DINKA (called by the Arabs Jange), a widely spread negro people dwelling on the right bank of the White Nile to about 12° N., around the mouth of the Babr-el-Ghazal, along the right bank of that river and on the banks of the lower Sobat. Like the Shilluk, they were greatly harried from the north by Nuba-Arabic tribes, but remained comparatively free owing to the vast extent of their country, estimated to cover 40,000 sq. m., and their energy in defending themselves. They are a tall race with skins of almost blue black. The men wear practically no clothes, married women having a short apron, and unmarried girls a fringe of iron cones round the waist. They tattoo themselves with tribal marks, and extract the lower incisors; they also pierce the ears and lip for the attachment of ornaments, and wear a variety of feather, iron, ivory and brass ornaments. Nearly all shave the head, but some give the hair a reddish colour by moistening it with animal matter. Polygamy is general; some headmen have as many as thirty or more wives; but six is the average number. They are great cattle and sheep breeders; the men tend their beasts with great devotion, despising agriculture, which is left to the women; the cattle are called by means of drums.
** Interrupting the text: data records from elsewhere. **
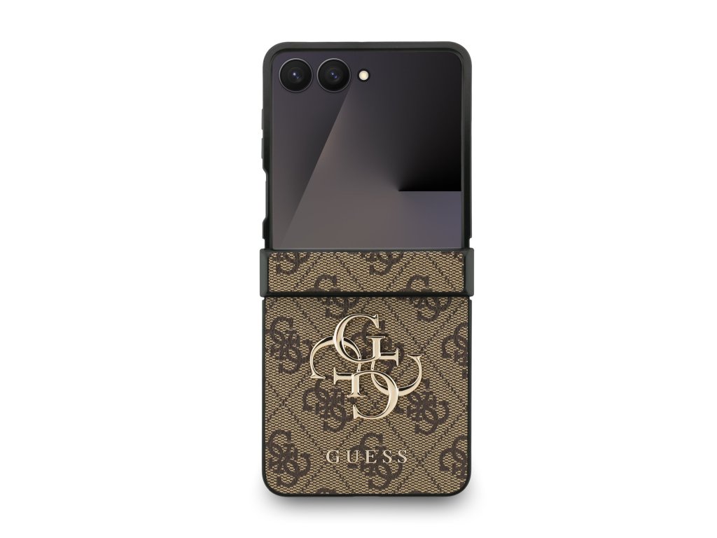 Guess PU 4G Metal Logo Zadní Kryt pro Samsung Galaxy Z Flip 7 Brown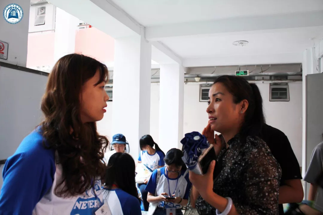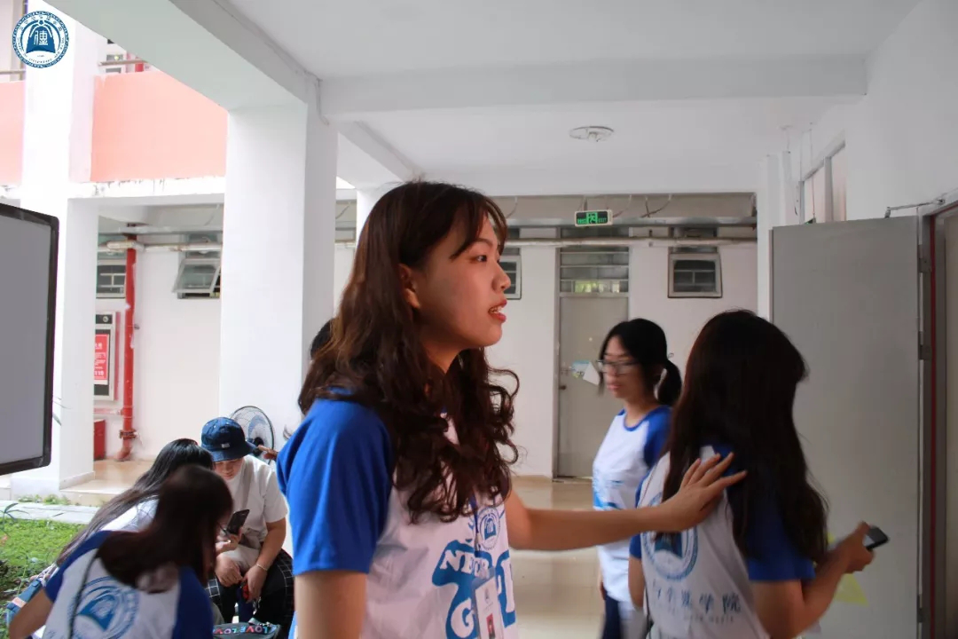 随处可见身穿文传蓝色院服的学长学姐们带领新生入住宿舍,即便是看起来瘦弱的女生,帮忙提起行李来也十分稳当。她们互相递着纸巾擦拭汗珠,交谈时揉着酸痛的肩膀,脸上却洋溢着笑容。在学长学姐的热情帮助下,新生完成了报道的所有程序。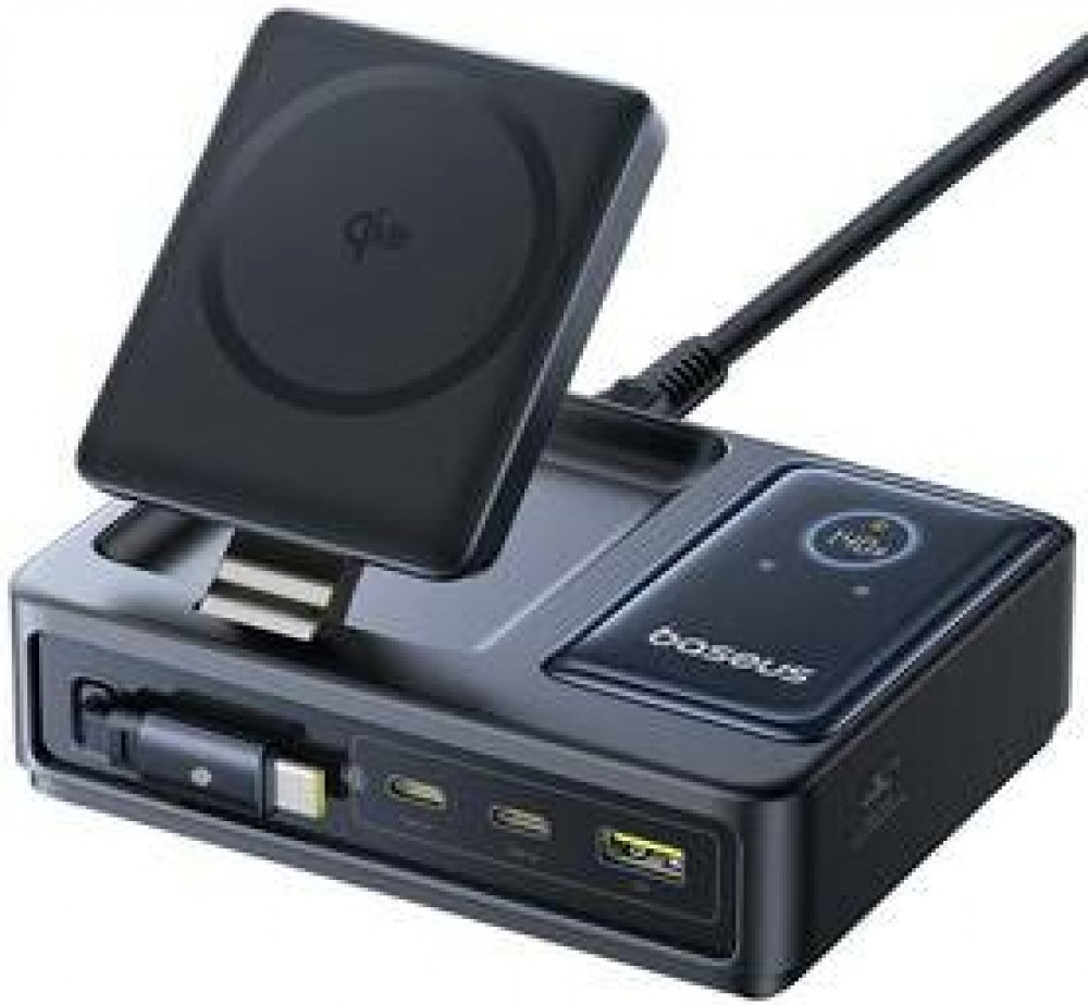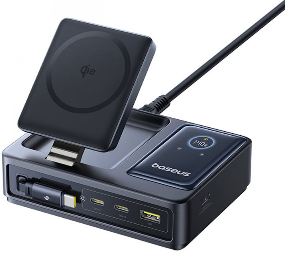 Hlavní funkce:Všestrannost kabelového i bezdrátového připojeníStolní nabíjecí stanice 5v1Bezproblémové nabíjeníOkamžitá zpětná vazba o napájeníNastavitelný stojanSpecifikace: Vhodný pro nabíjení v domácnosti:Vstup: AC 100-240V~, 50/60Hz, 2,5ARozhraní:2× USB-C (samice)1x USB-C (samec) - výsuvný1x USB-A (samice)Bezdrátové připojení Qi2 (5W)Výkon: 140 W (maximálně)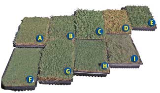 Legend: A. Zoysia matrella B. Zoysia japonica C. Perennial rye D. Kentucky bluegrass E. Texas bluegrass F. Colonial bentgrass G. Fine fescue H. Tall fescue I. Tall fescue J. Buffalo grass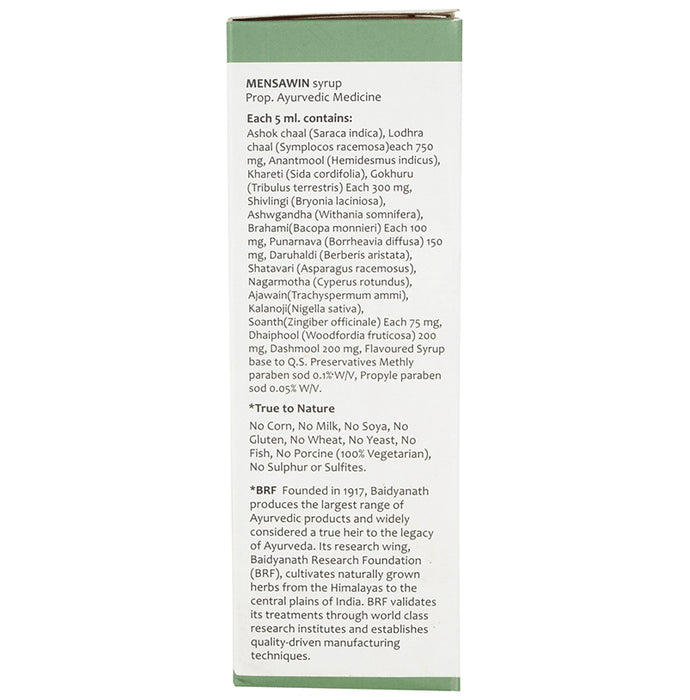Composition : Ashok chaal (saraca indica),Lodhra chaal (symplocos racemosa),Anantmool (hemidesmus indicus),Bala (sida cordifolia),Gokhuru (tribulus terrestris),Shivlingi( bryonia laciniosa),Ashwgandha (withania somnifera),Brahmi (bacopa monnieri),Punarnava (borrheavia diffusa) 150 mg,Daruhaldi (berberis aristata),Shatavari (aspargous racemosus),Nagarmotha (cyperus rotundus),Ajawain (trachyspermum ammi),Kalanoji (nigella sativa),Soanth (zingiber officinale),Dhaiphool (woodfordia fruticosa) 200 mg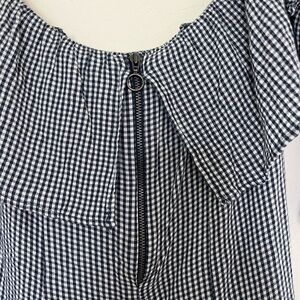 American Eagle dress size XS. Navy blue and white checkered gingham pattern. Off the shoulder style with layered ruffle sleeve. Great condition! (56)
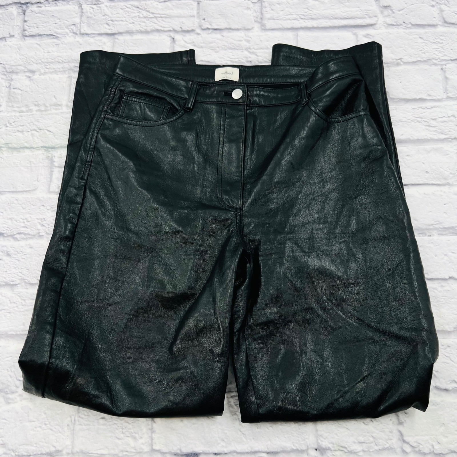 как выглядит Wilfred Aritzia The Melina faux leather pants black Size 10 Straight Leg Vegan фото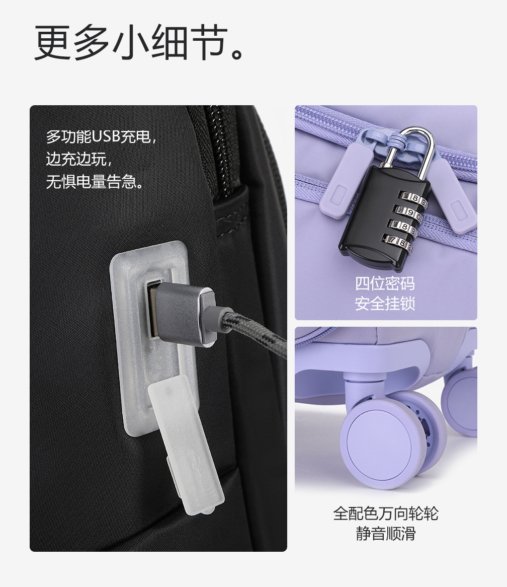1.本店所售的拉杆箱,零配件终身保修,(轮子,拉杆,锁,把手等)。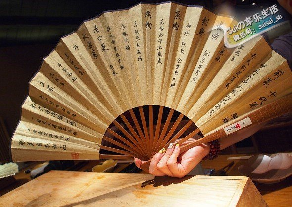 烤物的厨房透明可视,围着的是一排吧台,另外一隅是可以坐10人的下凹式tatami,当中有2个呈现台,纯木的,只要料理上桌,所有的焦点都汇聚于此,光影的作用加上精致怀石料理的体现,让人有很好地视觉享受。扇子打开娟秀的字体写着今天的菜式,每个月都会根据时令的不同更换套餐的品种,怀石料理的精髓也在于此。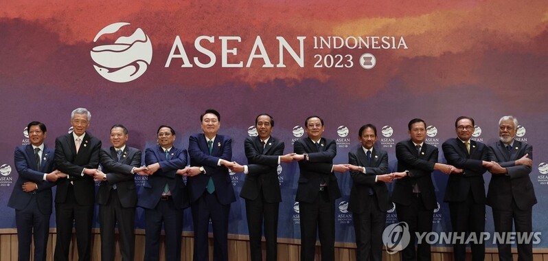 | ▲ South Korean President Yoon Suk Yeol (5th from L) joins a group photo session during a summit with the leaders of the 10-member Association of Southeast Asian Nations in Jakarta on Sept. 6, 2023. (Yonhap) |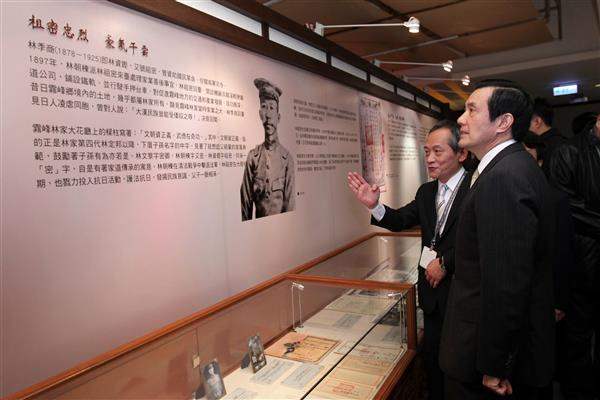 隨後,總統由明台高中董事長林芳媖及「台灣抗日志士親屬協進會」會長林光輝導覽,參觀林家相片、印信、日記及任命狀等豐富的珍藏史料,並於離開會場時親切地與觀光客握手致意、簽名留念。

Save under stress of famine cattle are never killed for food, the people subsisting largely on durra. The Dinkas reverence the cow, and snakes, which they call “brothers.” Their folklore recognizes a good and evil deity; one of the two wives of the good deity created man, and the dead go to live with him in a great park filled with animals of enormous size. The evil deity created cripples. The Dinka came, in 1899, under the control of the Sudan government, justice being administered as far as possible in accord with tribal custom. A compendium of Dinka laws was compiled by Captain H. D. E. O’Sullivan.
See G. A. Schweinfurth, The Heart of Africa (1874); W. Junker, Travels in Africa, Eng. edit. (London, 1890-1892); The Anglo-Egyptian Sudan, edited by Count Gleichen (London, 1905).
DINKELSBÜHL, a town of Germany, in the kingdom of Bavaria, on the Wörnitz, 16 m. N. from Nördlingen, on the railway to Dombühl. Pop. 5000. It is an interesting medieval town, still surrounded by old walls and towers, and has an Evangelical and two Roman Catholic churches. Notable is the so-called Deutsches Haus, the ancestral home of the counts of Drechsel-Deufstetten, a fine specimen of the German renaissance style of wooden architecture. There are a Latin and industrial school, several benevolent institutions, and a monument to Christoph von Schmid (1768-1854), a writer of stories for the young. The inhabitants carry on the manufacture of brushes, gloves, stockings and gingerbread, and deal largely in cattle.
Fortified by the emperor Henry I., Dinkelsbühl received in 1305 the same municipal rights as Ulm, and obtained in 1351 the position of a free imperial city, which it retained till 1802, when it passed to Bavaria. Its municipal code, the Dinkelsbuhler Recht, published in 1536, and revised in 1738, contained a very extensive collection of public and private laws.